From: Lee Corbin (lcorbin@tsoft.com)
Date: Tue May 27 2003 - 22:26:02 MDT

  • Next message: Robert J. Bradbury: "OFFLIST RE: Reality bites"

    Dan had posted

    > For the full essay, see http://home.sprynet.com/~owl1/irrationality.htm

    One of the problems I have with Michael Huemer's points---although
    agreeing that this paper is very good and on the whole makes
    valuable points---is when he writes

          In one psychological study, subjects were exposed to evidence
          concerning the deterrent effect of capital punishment. One
          study had concluded that capital punishment has a deterrent
          effect; another had concluded that it does not. All experimental
          subjects were provided with summaries of both studies, and then
          asked to assess which conclusion the evidence they had just
          looked at most supported, overall. The result was that those
          who initially supported capital punishment claimed that the
          evidence they’d been shown, overall, supported that capital
          punishment has a deterrent effect. Those who initially opposed
          capital punishment thought, instead, that this same evidence,
          overall, supported that capital punishment had no deterrent
          effect. In each case, partisans came up with reasons (or
          rationalizations) for why the study whose conclusion they
          agreed with was methodologically superior to the other study.
          This points up one reason why people tend to become polarized
          (sc., to adopt very strong beliefs on a particular side) about
          political issues: we tend to evaluate mixed evidence as
          supporting whichever belief we already incline towards—--
          whereupon we increase our degree of belief.

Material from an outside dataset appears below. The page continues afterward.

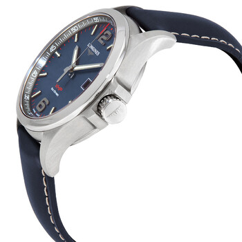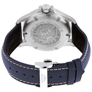 Stainless steel case with a blue leather strap. Fixed stainless steel bezel. Blue dial with luminous grey hands and index hour markers. Arabic numerals appear at the 6 and 12 o'clock positions. Arabic numeral minute markers (at 5 minute intervals). Minute markers around the outer rim. Dial Type: Analog. Luminescent hands and markers. Date display at the 3 o'clock position. Longines calibre L288 quartz movement. Scratch resistant sapphire crystal. Pull / push crown. Solid case back. Round case shape. Case size: 43 mm. Case thickness: 11.8 mm. Band width: 21 mm. Tang clasp. Water resistant at 50 meters / 165 feet. Functions: date, hour, minute, second. Conquest Series. Casual watch style. Watch label: Swiss Made. Longines Conquest Quartz Blue Dial Men's Watch L3.726.4.96.0.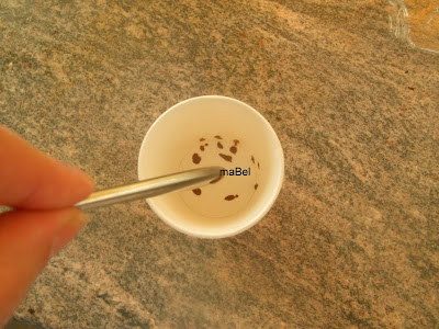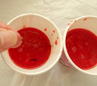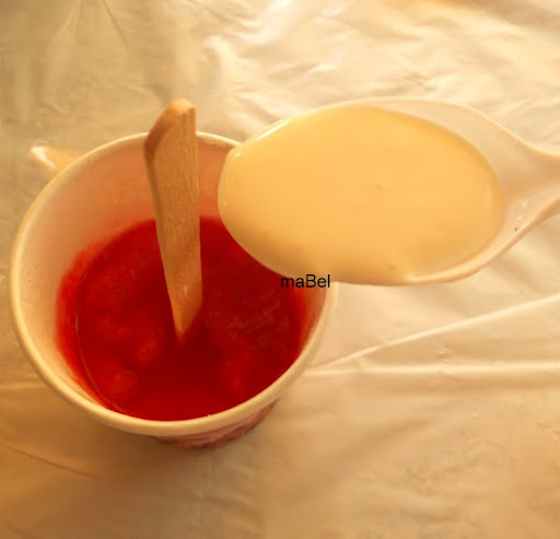 En un vasito descartable de los de café, también hacemos puntitos, hasta la mitad del vasito, donde iría la parte roja del helado

    I agree that everything he has said here is true; I simply don't
    think that evolution erred to make us this way. But first of all,
    a point about PCR (Pat-Critical Rationalism).

    It must be held in mind that mixed evidence DOES NOT knock down a
    belief! Mixed evidence does not refute anything, and a conjecture
    subjected to only "mixed evidence" survives the criticism, perhaps
    unscathed. So therefore it is in the nature of how our learning
    take place---through conjecture and refutation---that this tendency
    within us arises. And so far as we know (considering the absence
    of other beings who think a lot different from us), this is a good
    thing.

    He also wrote about the very same subject,

    b. Selective attention and energy:

          Most of us spend more time thinking about arguments supporting
          our beliefs than we spend thinking about arguments supporting
          alternative beliefs. A natural result is that the arguments
          supporting our beliefs have more psychological impact on us,
          and we are less likely to be aware of reasons for doubting our
          beliefs. I think that most of us, when we hear an argument for
          a conclusion we disbelieve, immediately set about finding "what’s
          wrong with the argument". But when we hear an argument for a
          conclusion we believe, we are much more likely to accept the
          argument at face value, thereby further solidifying our belief,
          than to look for things that might be wrong with it.

    Well, for some reason this strikes me as only natural. Suppose
    that you were assessing the impact of a flock of birds in the
    distance; it's a little bit disconfirming of your belief that
    the best hunting ground lies in the other direction. This ought
    to give you a little pause, and to perhaps cause a bit of
    re-thinking---but you'll probably just try to fit it in with
    your pre-existing beliefs. Sounds perfectly fine to me. But
    suppose that you see the flock in the direction which you
    already to believe to lie the best hunting; as he says, you'll
    experience some reinforcing gratification.

          This is illustrated by the capital punishment study mentioned
          above (section 5, d): subjects scrutinized the study whose
          conclusion they disagreed with closely, seeking methodological
          flaws, but accepted at face value the study with whose conclusion
          they agreed. Almost all studies have some sort of epistemological
          imperfections, so this technique almost always enables one to hold
          the factual beliefs about society that one wants.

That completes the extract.